Can a Cisco 3550 be used as router?

Very recently I picked up a Cisco 3550 just to play around with networking and to familiarize myself with Cisco's command line configuration due to the fact that I will be working an electrical engineering internship in which I will have to deal with various networking issues (yes, I agree that a CSNA would be much better suited for this task, but since its part of the job requirements, I'm willing to learn about it).

What I was wondering, is whether or not my 3550 can act as a router. I know its a L3 switch, but does that mean it can take the place of a router?

EDIT: Since it seems possible to set my 3550 to act as a router, could you guys possibly point me to some documentation that might help me set this up? I think I need to use the ip route command, but I'm not entirely sure if that is the right approach.
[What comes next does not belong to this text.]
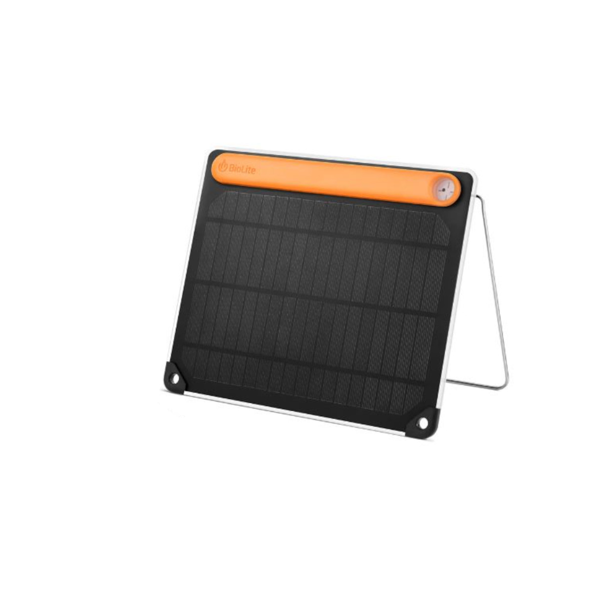 Get the most from the sun with the lightweight & portable BioLite SolarPanel 5+. Featuring BioLite's Optimal Sun System, an integrated sundial aligns you to the sun to capture direct rays while a 360 degree kickstand simplifies positioning on uneven terrain. The 3,200mAh onboard battery stores energy for later, allowing you to charge devices when you need it most. Power phones, tablets, and BioLite gear with this ultraslim 5-Watt panel.

A 3550 will do great routing packets and even using BGP, but as mentioned by jgoldschrafe it won't hold complete BGP tables (that is, every route announced on the internet by any AS, with a CIDR larger than /25).

There's nothing stopping you from using 3550 devices to BGP announce your networks, and use default routes to transit providers. Thanks to the Cisco Express Forwarding technology, it will actually do more PPS than it's cousins ISR 2800 serie, according to the cisco specifications anyway.


The term "L3 Switch" describes a switch that is also a router. A layer 3 switch should be a serviceable, but likely limited, router.


Most layer 3 switches, including the Cisco 3550, do not have TCAMs large enough to allow the routing engine to hold Internet-scale routing tables. It will do a fine job of simple LAN routing, but you're probably not going to get away with running BGP on it.